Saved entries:
----------------------------------------
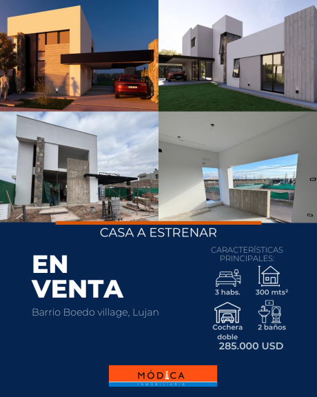 Casa ubicada en barrio Boedo Village, muy buscada por su entorno y zona comercial. La casa está en construcción,con entrega en setiembre de 2025. Superficie total 300 m2, 196m2, cubiertos.
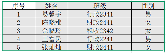 接校团委通知,公司本学年团员发展名额予以增补, 根据《中国共产主义青年团发展团员工作细则》,经本人申请、班级推选、理论考试、团委审批,拟接收易馨宇等5位同学为新发展团员。现将名单公示如下:
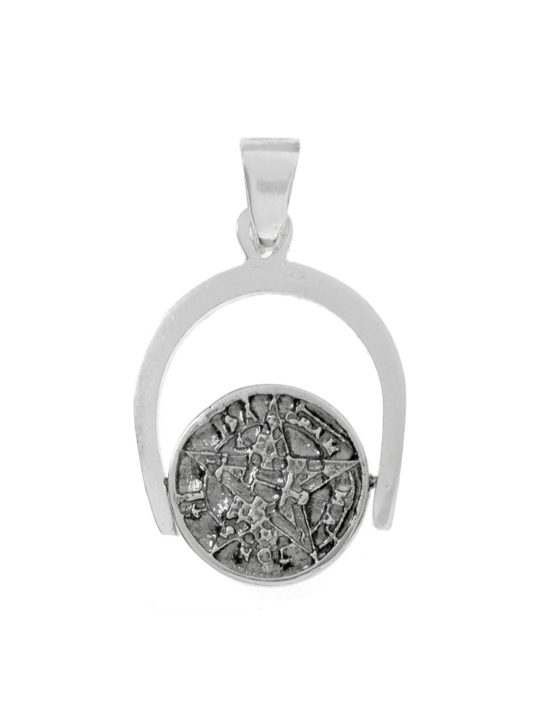 Colgante amuleto giratorio Nudo de Bruja & Tetragrámaton de Plata de Ley
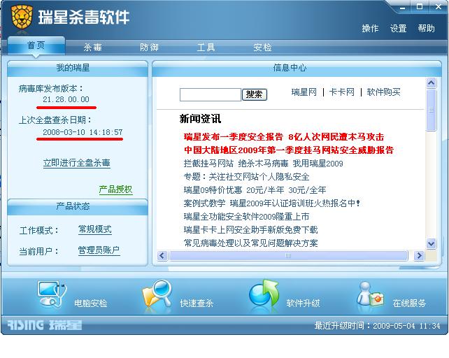 五一假期没有升级瑞星,今天一来升级瑞星出现如下:
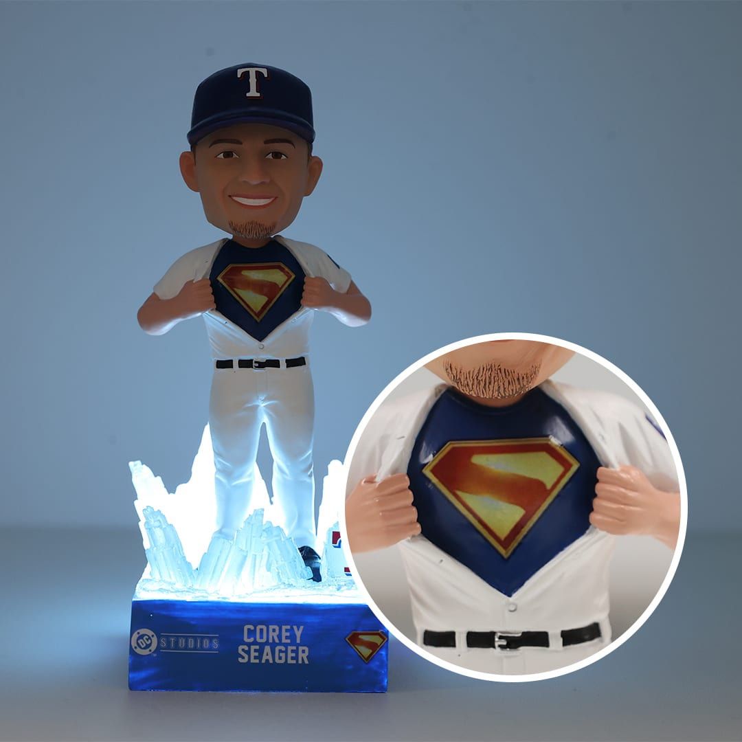 TIGERS AT RANGERS SUN | JULY 20 | 1:35 PM SEC 233 ROW 6 SEAT 1-4 SEC 234 ROW 7 SEAT 1-4 $75 EACH ☆ ( COREY SEAGER SUPERMAN BOBBLEHEAD INCLUDED )
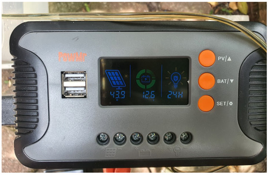 Figure 17 shows the charge controller with the solar wattage and battery voltage. For an initial test, the solar panel, charge controller, and battery were connected. On a cloudy day, the pump was able to run constantly while the battery was being charged at the same time.
----------------------------------------
* **Exercise brief**
An exact restatement is expected of the lines from the line containing "接校团委通知,公司本学年团员" to the end of the data above, pictures excluded.

* **Result below**
 接校团委通知,公司本学年团员发展名额予以增补, 根据《中国共产主义青年团发展团员工作细则》,经本人申请、班级推选、理论考试、团委审批,拟接收易馨宇等5位同学为新发展团员。现将名单公示如下:
 Colgante amuleto giratorio Nudo de Bruja & Tetragrámaton de Plata de Ley
 五一假期没有升级瑞星,今天一来升级瑞星出现如下:
 TIGERS AT RANGERS SUN | JULY 20 | 1:35 PM SEC 233 ROW 6 SEAT 1-4 SEC 234 ROW 7 SEAT 1-4 $75 EACH ☆ ( COREY SEAGER SUPERMAN BOBBLEHEAD INCLUDED )
 Figure 17 shows the charge controller with the solar wattage and battery voltage. For an initial test, the solar panel, charge controller, and battery were connected. On a cloudy day, the pump was able to run constantly while the battery was being charged at the same time.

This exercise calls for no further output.